* [What you are asked to do] Retype the material that follows exactly, limited to the lines from the one with "Decorate your home" through the one with "5、點擊召喚功能即可召喚英雄,不斷擴充你的勇士隊伍,為守衛王國集結更強力量。", and keep out all pictures.

Top of Data to use

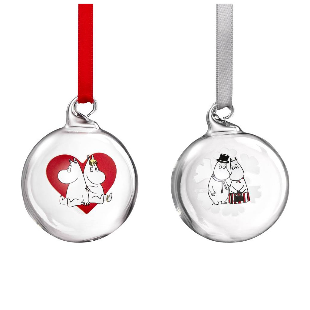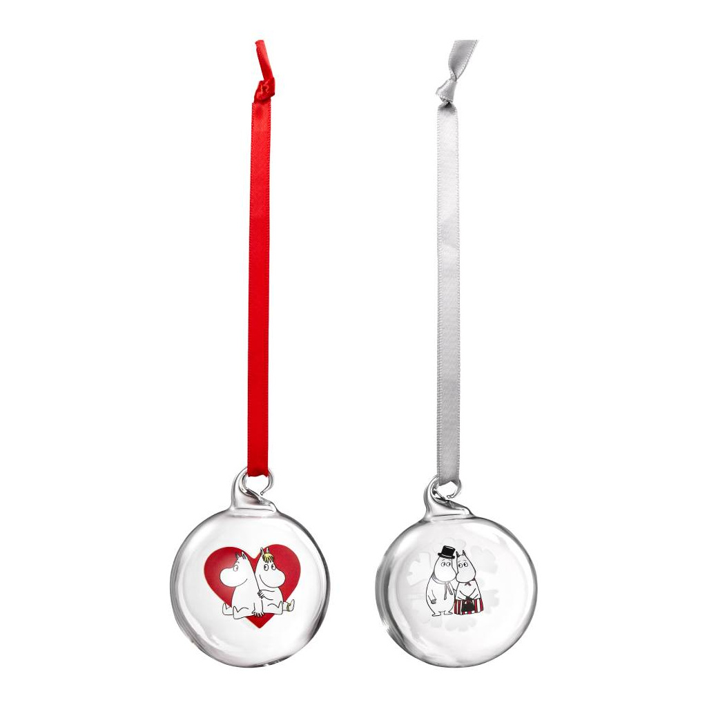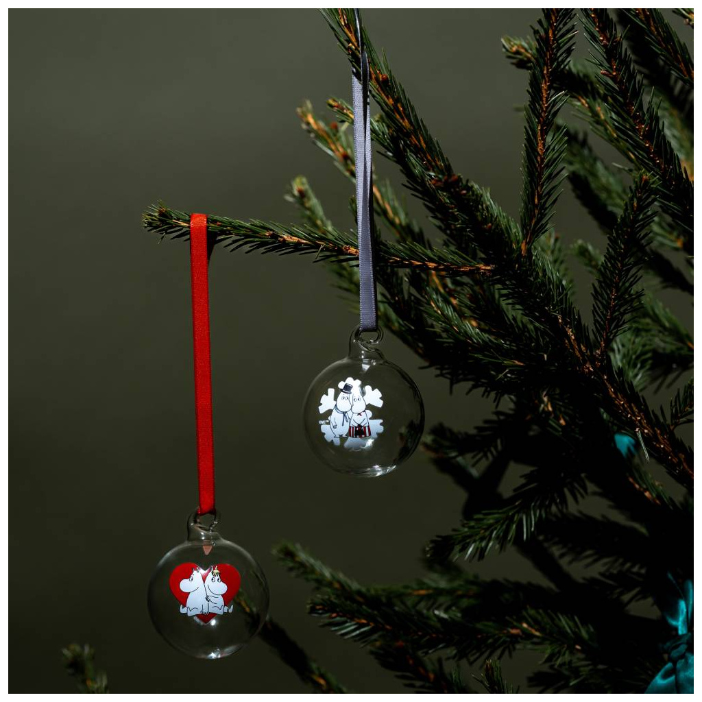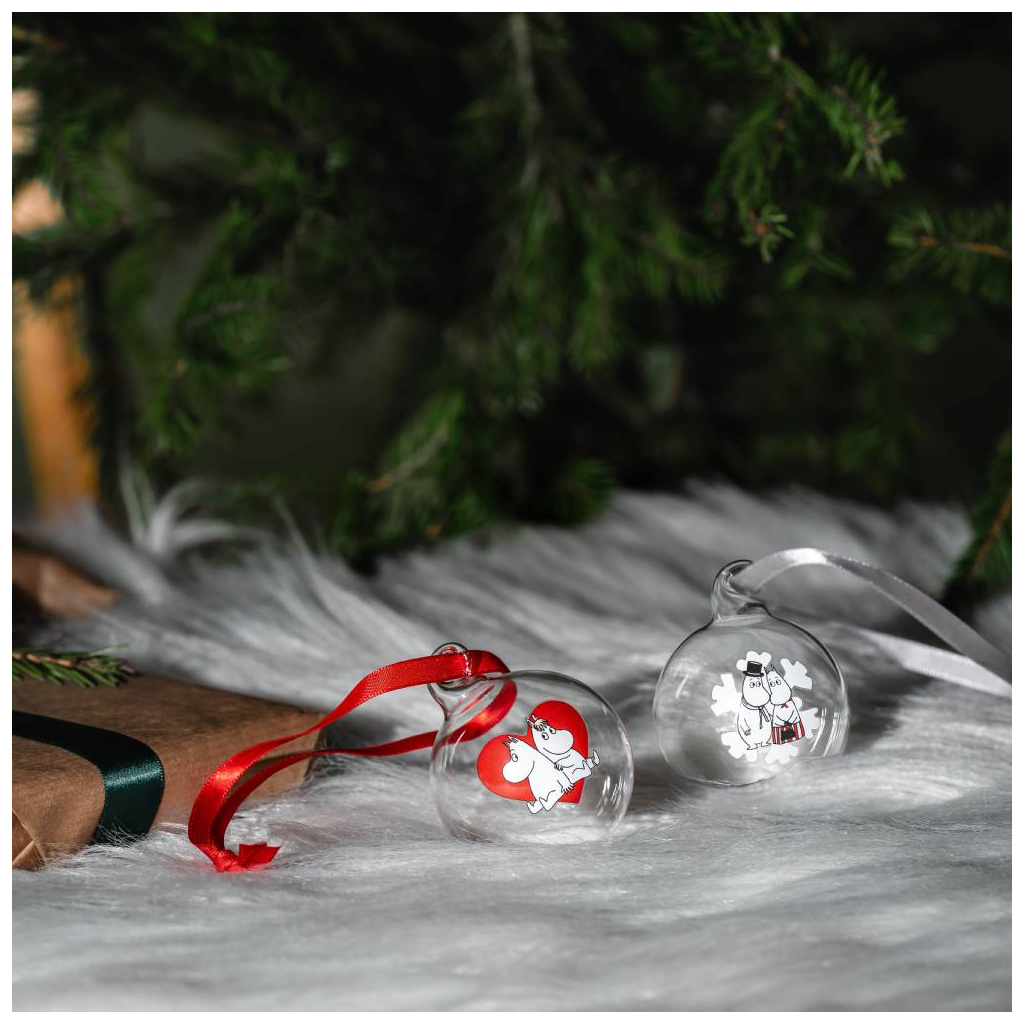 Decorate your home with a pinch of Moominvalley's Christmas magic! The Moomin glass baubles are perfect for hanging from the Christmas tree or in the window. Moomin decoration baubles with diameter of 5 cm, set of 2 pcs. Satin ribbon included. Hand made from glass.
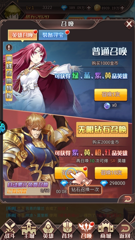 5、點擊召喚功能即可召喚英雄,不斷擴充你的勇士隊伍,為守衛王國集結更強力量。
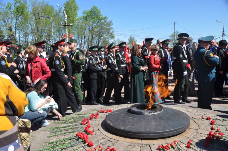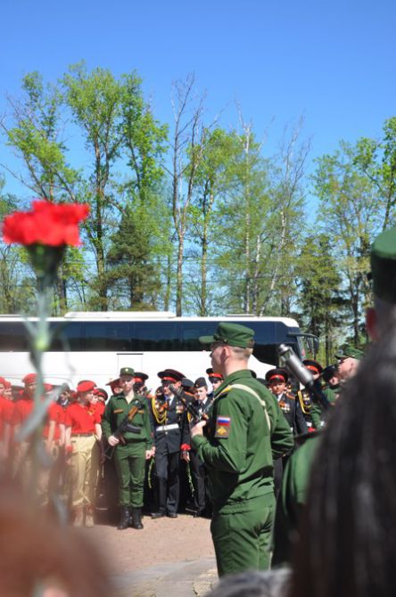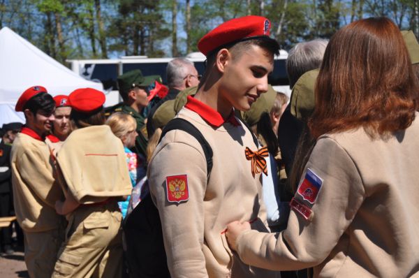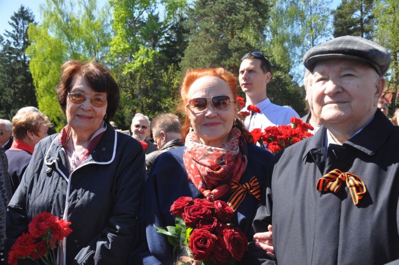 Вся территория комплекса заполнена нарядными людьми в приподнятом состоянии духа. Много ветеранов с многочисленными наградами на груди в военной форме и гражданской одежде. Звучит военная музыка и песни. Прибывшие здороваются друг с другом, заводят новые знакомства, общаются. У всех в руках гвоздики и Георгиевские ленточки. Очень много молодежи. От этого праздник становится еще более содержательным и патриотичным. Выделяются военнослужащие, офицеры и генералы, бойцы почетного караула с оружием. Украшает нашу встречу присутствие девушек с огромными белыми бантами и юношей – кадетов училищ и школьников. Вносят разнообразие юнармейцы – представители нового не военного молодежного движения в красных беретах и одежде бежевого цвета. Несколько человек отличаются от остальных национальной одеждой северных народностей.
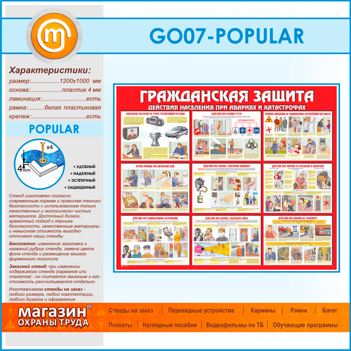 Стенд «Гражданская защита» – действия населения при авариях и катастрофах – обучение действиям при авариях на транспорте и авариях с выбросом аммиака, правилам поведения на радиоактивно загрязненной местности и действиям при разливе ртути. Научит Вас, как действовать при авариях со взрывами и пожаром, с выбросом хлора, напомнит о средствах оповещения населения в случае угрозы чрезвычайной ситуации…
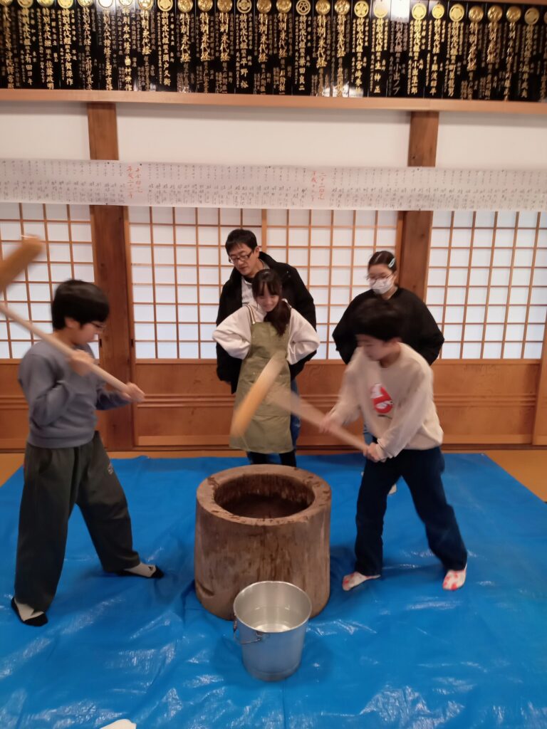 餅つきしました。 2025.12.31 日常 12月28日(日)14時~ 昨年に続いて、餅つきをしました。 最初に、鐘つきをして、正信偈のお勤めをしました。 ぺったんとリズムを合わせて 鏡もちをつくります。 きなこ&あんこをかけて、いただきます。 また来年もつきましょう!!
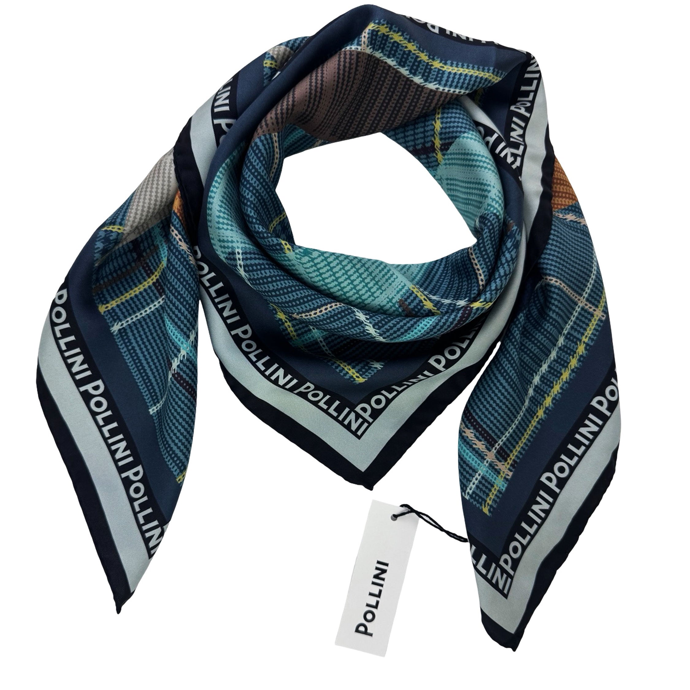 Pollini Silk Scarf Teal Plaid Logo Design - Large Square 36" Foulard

Bottom of Data to use
Top of Data to use

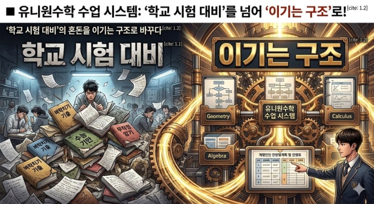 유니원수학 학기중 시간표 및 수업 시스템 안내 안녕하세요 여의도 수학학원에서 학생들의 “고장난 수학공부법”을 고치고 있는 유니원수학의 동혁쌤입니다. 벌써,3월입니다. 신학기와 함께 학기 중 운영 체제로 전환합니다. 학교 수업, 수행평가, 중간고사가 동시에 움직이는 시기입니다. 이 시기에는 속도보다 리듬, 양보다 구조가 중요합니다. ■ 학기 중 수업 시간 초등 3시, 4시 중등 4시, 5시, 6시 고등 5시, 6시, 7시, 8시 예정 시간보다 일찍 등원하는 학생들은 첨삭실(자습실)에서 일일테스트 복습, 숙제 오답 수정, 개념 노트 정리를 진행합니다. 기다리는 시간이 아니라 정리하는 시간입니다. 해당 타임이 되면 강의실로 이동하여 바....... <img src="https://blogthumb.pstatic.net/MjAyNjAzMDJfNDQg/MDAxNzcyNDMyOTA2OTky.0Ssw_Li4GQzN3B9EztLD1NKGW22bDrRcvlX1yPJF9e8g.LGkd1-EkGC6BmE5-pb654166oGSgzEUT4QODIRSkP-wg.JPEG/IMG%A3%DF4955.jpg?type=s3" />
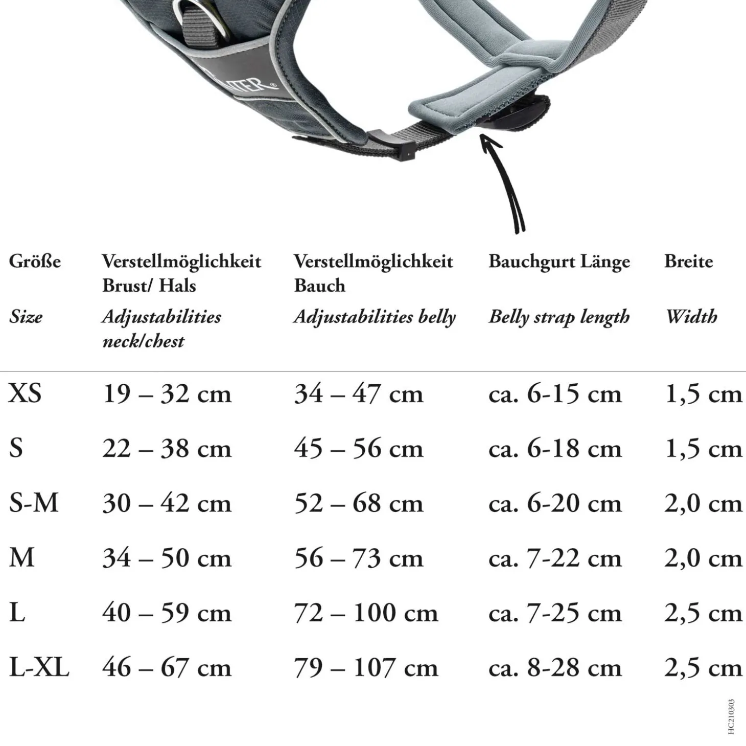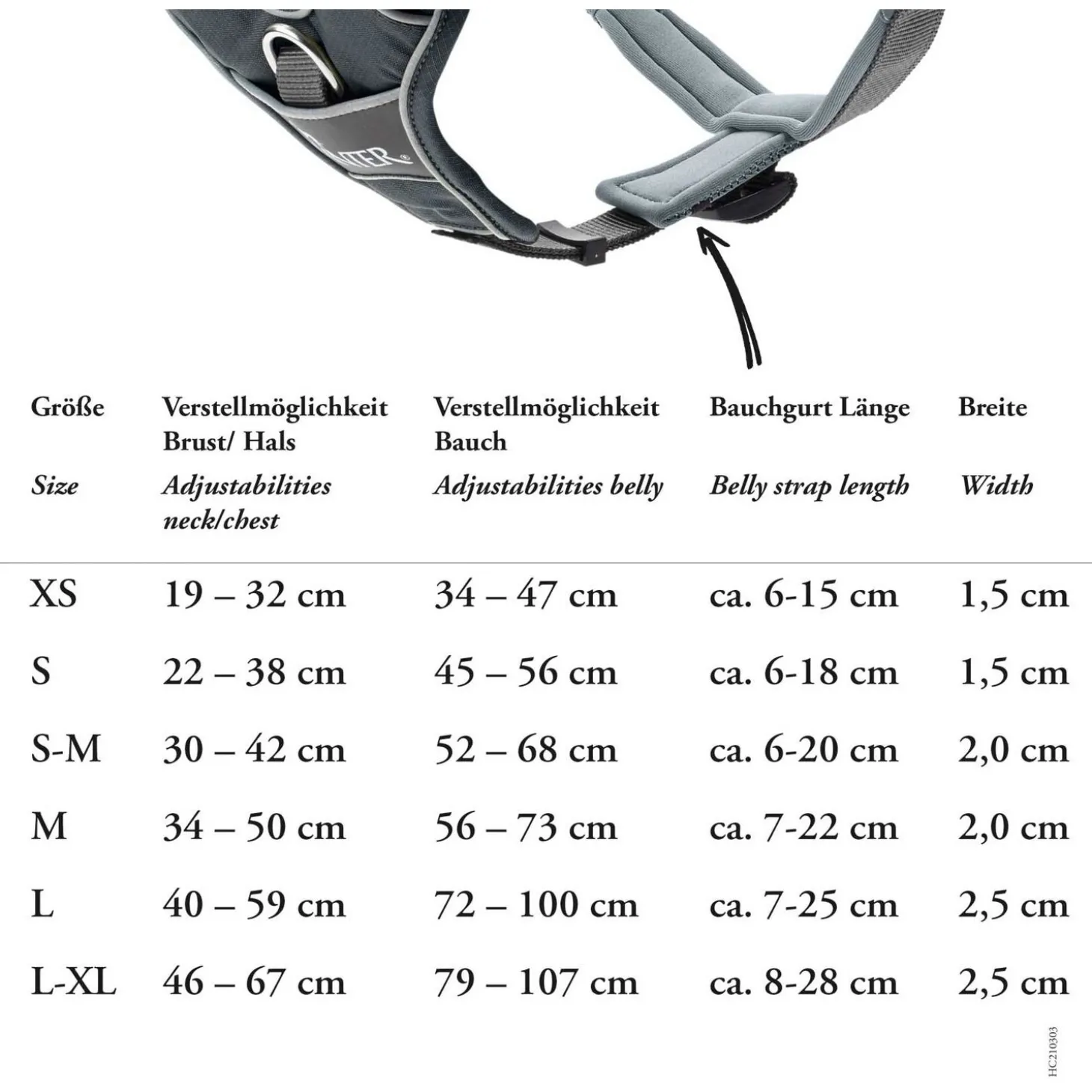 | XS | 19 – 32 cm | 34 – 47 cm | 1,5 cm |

Bottom of Data to use

* [Written solution]
 Decorate your home with a pinch of Moominvalley's Christmas magic! The Moomin glass baubles are perfect for hanging from the Christmas tree or in the window. Moomin decoration baubles with diameter of 5 cm, set of 2 pcs. Satin ribbon included. Hand made from glass.
 5、點擊召喚功能即可召喚英雄,不斷擴充你的勇士隊伍,為守衛王國集結更強力量。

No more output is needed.